____ Record excerpts

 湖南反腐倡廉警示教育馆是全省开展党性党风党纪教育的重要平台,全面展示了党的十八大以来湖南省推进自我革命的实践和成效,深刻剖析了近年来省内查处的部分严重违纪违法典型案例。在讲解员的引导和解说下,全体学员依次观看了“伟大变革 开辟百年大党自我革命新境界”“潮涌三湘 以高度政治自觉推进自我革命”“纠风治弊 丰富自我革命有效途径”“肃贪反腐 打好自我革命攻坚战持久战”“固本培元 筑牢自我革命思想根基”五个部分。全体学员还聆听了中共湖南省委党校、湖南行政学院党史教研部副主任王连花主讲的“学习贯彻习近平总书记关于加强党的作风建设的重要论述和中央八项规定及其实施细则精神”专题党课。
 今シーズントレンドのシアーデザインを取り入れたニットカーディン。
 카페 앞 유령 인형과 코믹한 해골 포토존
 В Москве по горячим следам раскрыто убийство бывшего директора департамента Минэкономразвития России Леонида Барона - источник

________
____ Record excerpts

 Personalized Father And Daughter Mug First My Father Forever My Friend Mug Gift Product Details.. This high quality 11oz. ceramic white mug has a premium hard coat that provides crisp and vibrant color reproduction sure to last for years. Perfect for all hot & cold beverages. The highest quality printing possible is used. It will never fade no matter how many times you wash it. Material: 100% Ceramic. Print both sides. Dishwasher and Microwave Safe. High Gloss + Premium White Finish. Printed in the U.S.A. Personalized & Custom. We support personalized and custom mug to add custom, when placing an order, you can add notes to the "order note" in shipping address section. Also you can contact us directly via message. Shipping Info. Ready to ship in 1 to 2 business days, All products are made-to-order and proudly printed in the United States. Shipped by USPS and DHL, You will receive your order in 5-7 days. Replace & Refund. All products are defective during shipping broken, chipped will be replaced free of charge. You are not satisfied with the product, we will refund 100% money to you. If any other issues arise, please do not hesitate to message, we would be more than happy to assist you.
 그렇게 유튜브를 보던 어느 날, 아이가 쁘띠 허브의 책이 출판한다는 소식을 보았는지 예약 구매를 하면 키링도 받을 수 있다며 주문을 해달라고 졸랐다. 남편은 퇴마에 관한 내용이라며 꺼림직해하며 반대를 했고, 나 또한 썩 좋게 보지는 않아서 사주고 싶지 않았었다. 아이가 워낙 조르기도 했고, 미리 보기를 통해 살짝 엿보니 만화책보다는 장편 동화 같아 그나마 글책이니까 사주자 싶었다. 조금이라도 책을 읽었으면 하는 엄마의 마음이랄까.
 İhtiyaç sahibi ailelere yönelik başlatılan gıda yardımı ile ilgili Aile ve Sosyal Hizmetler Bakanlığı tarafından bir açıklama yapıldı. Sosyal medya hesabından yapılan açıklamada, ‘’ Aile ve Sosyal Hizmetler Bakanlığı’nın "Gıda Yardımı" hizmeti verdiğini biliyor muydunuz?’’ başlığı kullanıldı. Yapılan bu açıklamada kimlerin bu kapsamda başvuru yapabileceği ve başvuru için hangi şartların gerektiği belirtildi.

________

Your answer should be the exact lines above from the one with "카페 앞 유령 인형과 코믹한 해골 포토존" through the one with "В Москве по", both included, and nothing besides.

# Reply
 카페 앞 유령 인형과 코믹한 해골 포토존
 В Москве по горячим следам раскрыто убийство бывшего директора департамента Минэкономразвития России Леонида Барона - источник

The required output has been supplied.